One year later, QRISK was updated into QRISK2.(188) As these researchers had access to a large database (with 96 709 events) they added details of further comorbidities, as well as negative interactions for most risk factors with age. The latter could be a marker of latent gene- environment interactions, whereby smokers who survive until age 70 without CVD are unlikely to contract CVD due to smoking alone, after the age of 70. However, as cholesterol was missing for most participants, this prompted considerable methodological critique. In particular, when

imputing cholesterol and omitting the outcome from the predictor matrix (as was originally done), the imputed cholesterol values were substantially different as opposed to using a predictor matrix that included the outcome (as was later recommended). From this high-profile example, the former is now recommended as standard established practice for dealing with missing data in prediction settings.
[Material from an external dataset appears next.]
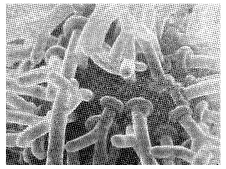 Упрощенная схема выделительной системы насекомого Первичная моча секретируется в просвет мальпигиевых сосудов, а затем переходит в прямую кишку, где она концентрируется за счет удаления воды. Уменьшение объема мочи в прямой кишке вызвано реабсорбцией воды. Стрелками указан путь циркуляции воды и ионов. На рисунке изображены только два мальпигиевых сосуда, хотя на самом деле их множество (Wigglesworth, 1932) Секреторная клетка в стенке мальпигиевого сосуда таракана Поверхность, обращенная в сторону мочи, увеличена за счет тесно прилегающих друг к другу микроворсинок (некоторые ворсинки утолщены из-за присутствия в них митохондрий). На поверхности клеточной мембраны, обращенной в сторону гемолимфы, имеются беспорядочно расположенные в базолатеральном направлении щели, выполняющие важную роль в осмотическом движении жидкости, (Oschman, Berridge, 1971)
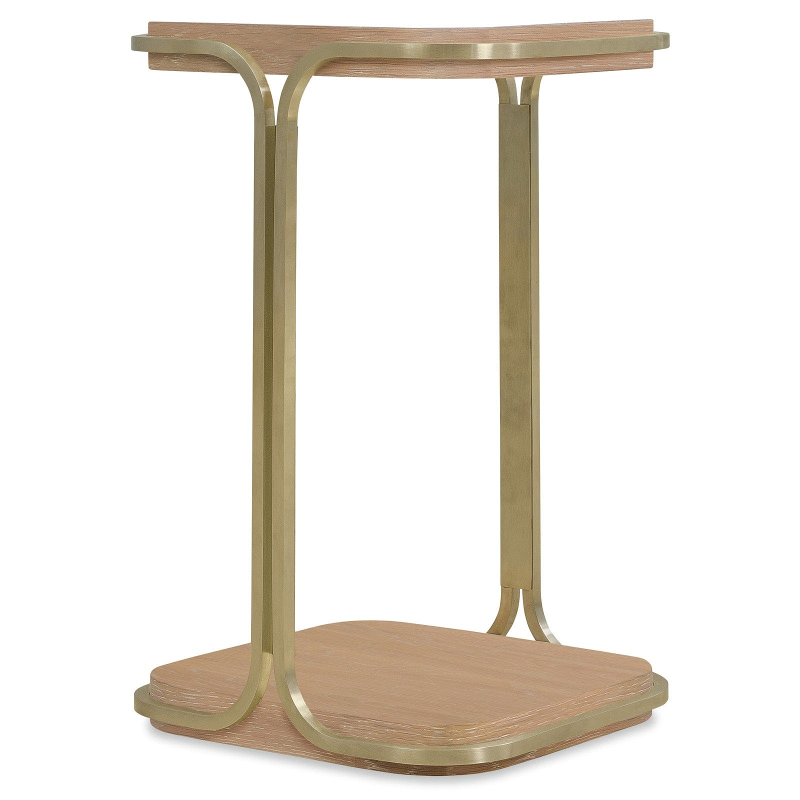 Elegant Mixed Materials: Anchored by a light Desert Oak finish and accented with a subtly metallic finished base, this accent table harmonises organic textures with contemporary lines for a nuanced, elevated presence.

Omitting the outcome biases the imputed cholesterols towards the mean, thereby inducing a type of regression dilution bias that attenuates the beta coefficient of cholesterol artificially downwards towards the null.

In 2014 the American Heart Association switched its endorsement away from the Framingham models, towards the Pooled Cohorts Equation (PCA).(189) This added to the Original Framingham and Framingham Offspring Studies three further cohorts: ARIC (Atherosclerosis Risk in Communities); Cardiovascular Health Study; and CARDIA (Coronary Artery Risk Development in Young Adults). Most of the participants were recruited in the 1980s, with events occurring during the 1990s.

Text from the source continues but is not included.